- [ENTRIES PROVIDED]:
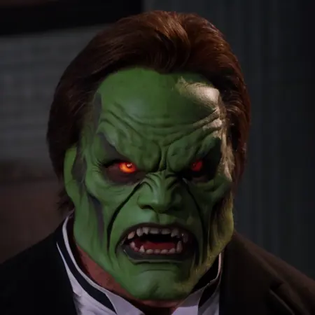 "green-faced villain with sharp brown hair, sinister smile, glowing eyes, intimidating pose, dark background"
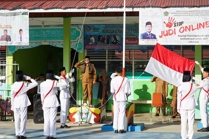 TANAH DATAR, Bacalahnews - Bupati Tanah Datar Eka Putra menjadi Inspektur Upacara (Irup) di MAN 4 Tanah Datar, Sumpur Kecamatan Batipuh Selatan."Bupati menjadi Irup di Madrasah Aliyah Negeri (MAN) merupakan bentuk nyata perhatian dan sinergitas dengan jajaran Kantor Kemenag," kata Bupati Eka Putra dalam sambutannya saat jadi Inspektur Upacara, Senin (22/7/2024).
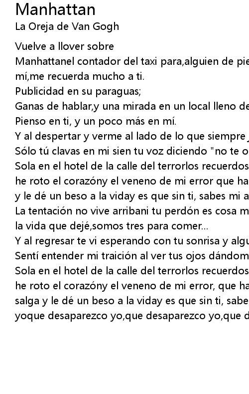 | Sola en el hotel de la calle del terrorlos recuerdos con espinas dirá n que te he roto el corazó ny el veneno de mi error que hace eternas las heridasque salga y le dé un beso a la viday es que sin ti, sabes mi amor que desaparezco yo. | |
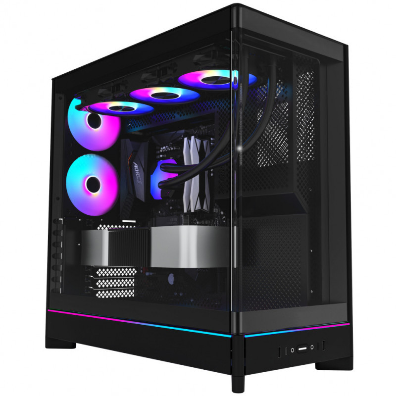 The 8° curved glass front panel offers a minimal visual interruption, delivering a wide panoramic view that showcases your build with enhanced clarity and style.
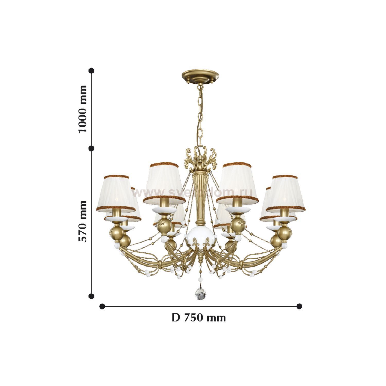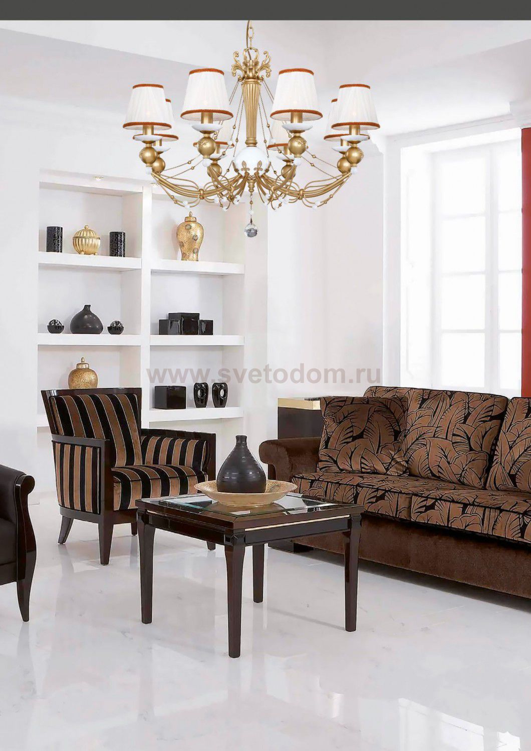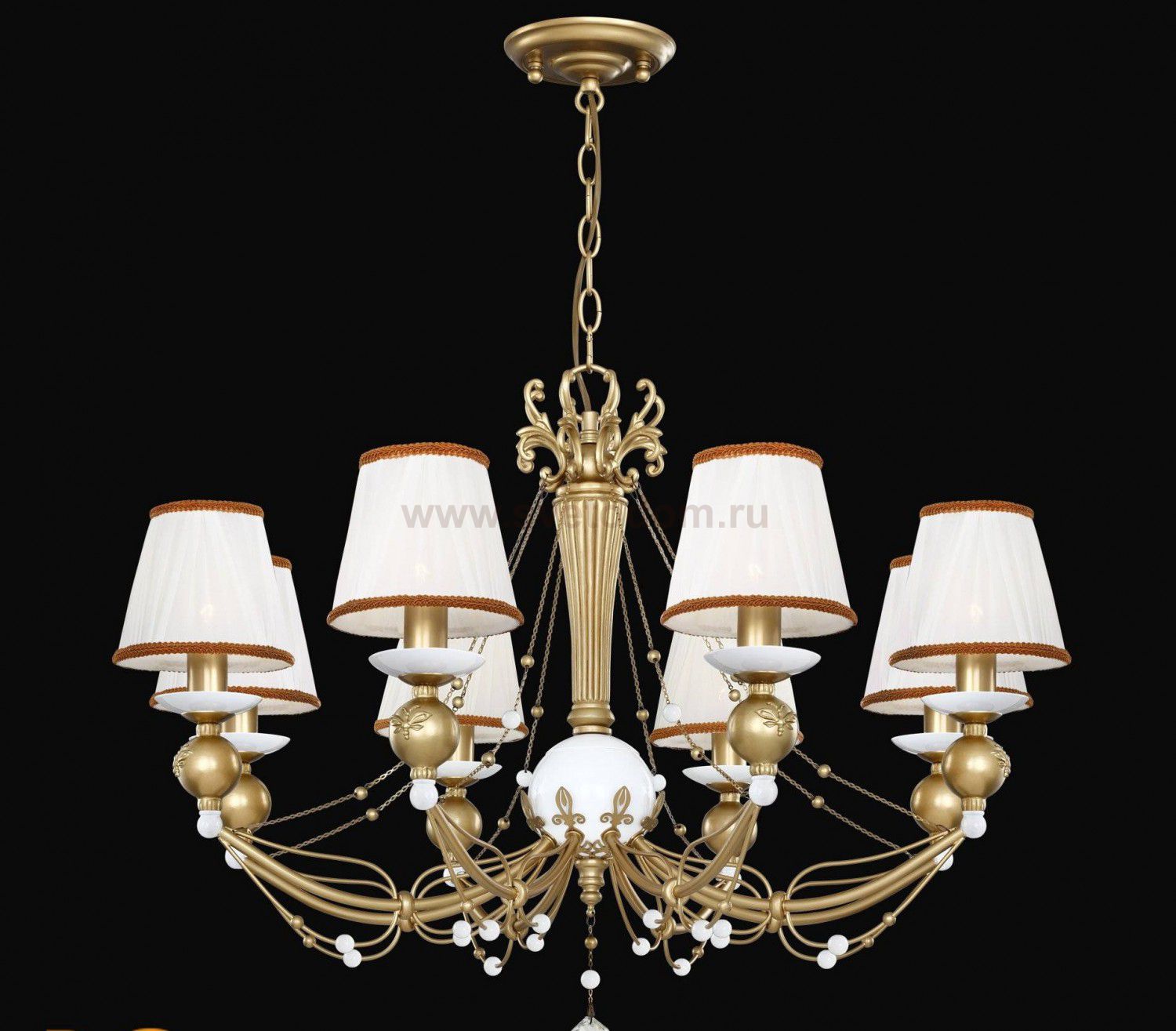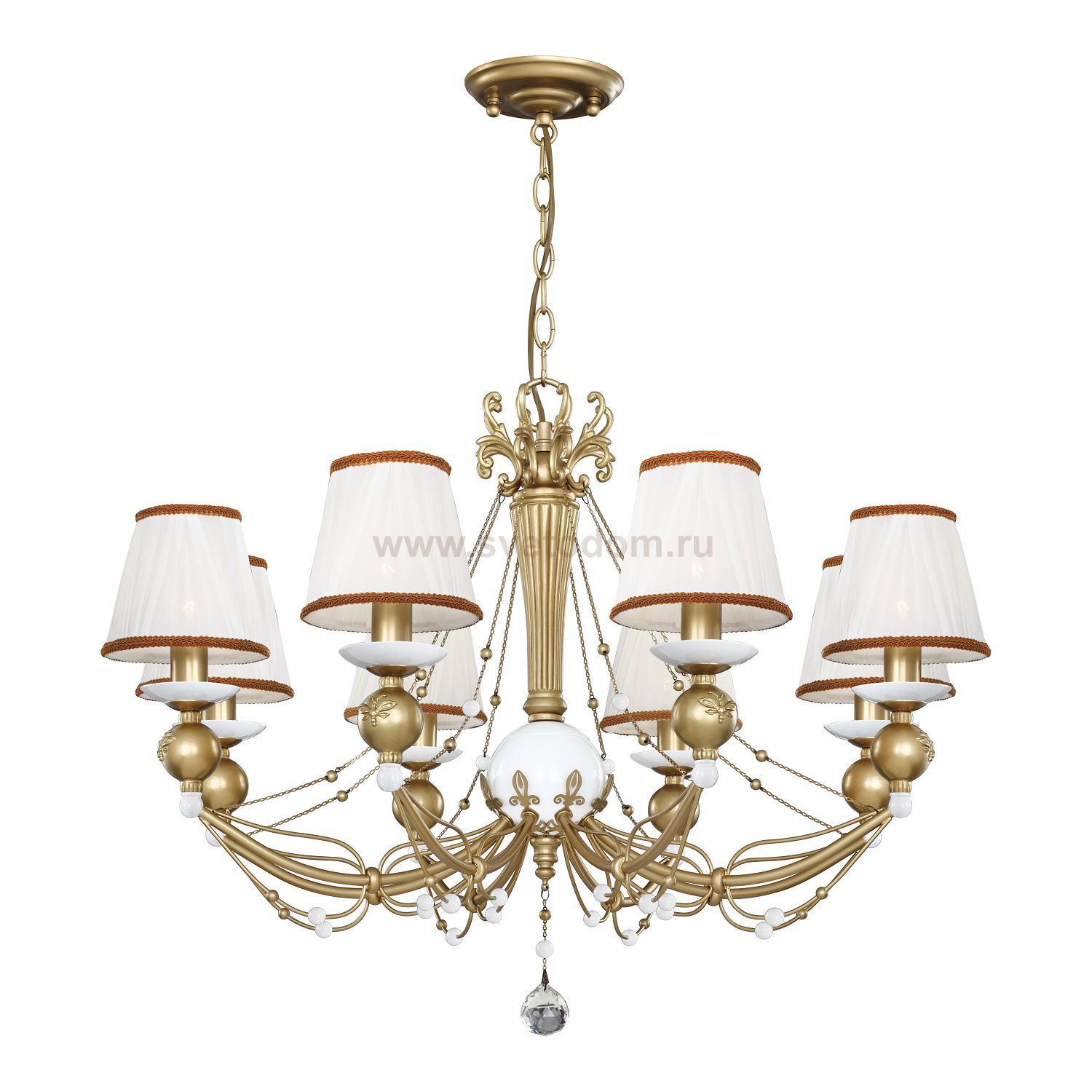 каркас окрашен в золотой цвет с элементами, покрытыми белой эмалью, абажуры из светло-кремовой ткани с коричневой декоративной летной Комментарий
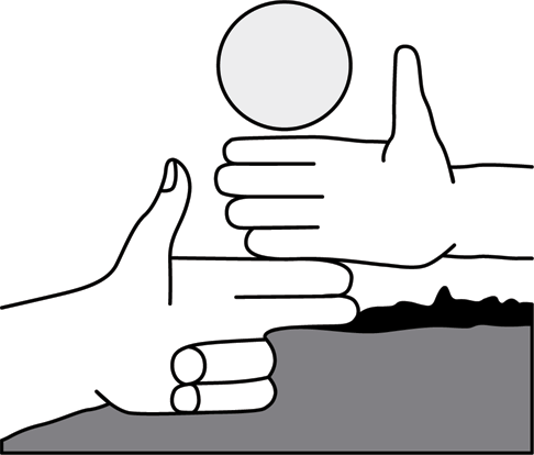 Время до захода Солнца можно определить, вытянув раскрытую ладонь на расстояние 50 см от глаз и посчитав количество пальцев, закрывающее промежуток между светилом и горизонтом; каждый палец соответствует примерно 10 минутам движения Солнца по небосводу (рис. 2.10).
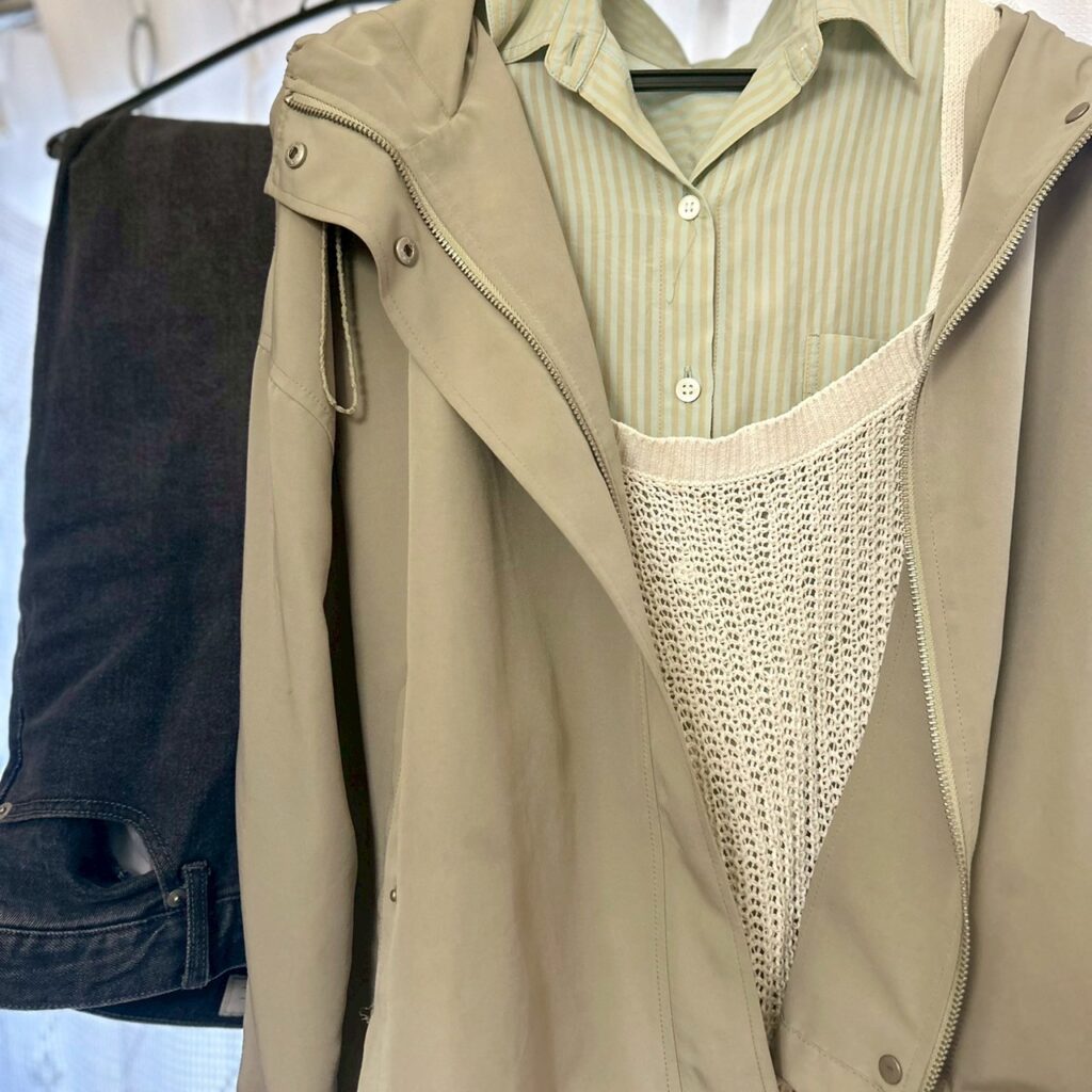 天気があまり良くなくて気持ちもどんよりした日。気分を少しでも上げたいので明るめなカラーに。いつもより冷え込んだからアウター必須。マウンテンパーカー使いやすくてお気に入りアイテム◎

- [WHAT YOU NEED TO DO]: Make an exact copy of all entries above, dropping the images.

- [ANSWER]:
 "green-faced villain with sharp brown hair, sinister smile, glowing eyes, intimidating pose, dark background"
 TANAH DATAR, Bacalahnews - Bupati Tanah Datar Eka Putra menjadi Inspektur Upacara (Irup) di MAN 4 Tanah Datar, Sumpur Kecamatan Batipuh Selatan."Bupati menjadi Irup di Madrasah Aliyah Negeri (MAN) merupakan bentuk nyata perhatian dan sinergitas dengan jajaran Kantor Kemenag," kata Bupati Eka Putra dalam sambutannya saat jadi Inspektur Upacara, Senin (22/7/2024).
 | Sola en el hotel de la calle del terrorlos recuerdos con espinas dirá n que te he roto el corazó ny el veneno de mi error que hace eternas las heridasque salga y le dé un beso a la viday es que sin ti, sabes mi amor que desaparezco yo. | |
 The 8° curved glass front panel offers a minimal visual interruption, delivering a wide panoramic view that showcases your build with enhanced clarity and style.
 каркас окрашен в золотой цвет с элементами, покрытыми белой эмалью, абажуры из светло-кремовой ткани с коричневой декоративной летной Комментарий
 Время до захода Солнца можно определить, вытянув раскрытую ладонь на расстояние 50 см от глаз и посчитав количество пальцев, закрывающее промежуток между светилом и горизонтом; каждый палец соответствует примерно 10 минутам движения Солнца по небосводу (рис. 2.10).
 天気があまり良くなくて気持ちもどんよりした日。気分を少しでも上げたいので明るめなカラーに。いつもより冷え込んだからアウター必須。マウンテンパーカー使いやすくてお気に入りアイテム◎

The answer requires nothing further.